I beg to move Amendment No. 23, in page 4, line 10, at end insert— 'and detailing any method of fishing at present held to be illegal or which may be declared illegal in future by any Order laid before Parliament'. According to Clause 3(5)(d), the method of sea fishing can be defined, but no definition is given of methods which may not be used. What implication has this on the ban which the United Kingdom put on the drift netting of salmon? Does it have any bearing on the discussions that we have had from time to time on the question whether beam trawling should be allowed? Would it not be desirable for the Minister not only to be able to define the methods that can be adopted, but also to specify the methods that are illegal or will become illegal?

Mr. Bishop

I appreciate the concern that is often expressed by hon. Members, especially those who represent fishing areas—as does the hon. Member for Fife, East (Sir J. Gilmour)—about the control of methods that may be used in exercising primarily the control of fishing. Control of the methods that may be used is currently exercised mainly by means of orders made under Section 5 of the Sea Fish (Conservation) Act 1967. This will continue to be the case. In addition, further and more detailed control may be exercised by including the appropriate conditions on the licences issued under what will be the new Section 4 of that Act, contained in Clause 3 of the Bill.

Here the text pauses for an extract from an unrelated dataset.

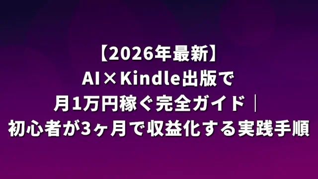 【2026年最新】AI×Kindle出版で月1万円稼ぐ完全ガイド|初心者が3ヶ月で収益化する実践手順

These conditions may permit fishing by one method or two methods only, or they may permit fishing by any method with specific exemptions. The possibilities of control are, therefore, comprehensively catered for, and this will continue to be the case under the new Section 4 contained in Clause 3 of the Bill.

If the proposed amendment were accepted, licences would have to contain not only conditions relating to fishing methods but also details of any other prohibitions contained in orders. That would involve unnecessary duplication and could lead to licences having to be withdrawn and re-issued if a new order was made.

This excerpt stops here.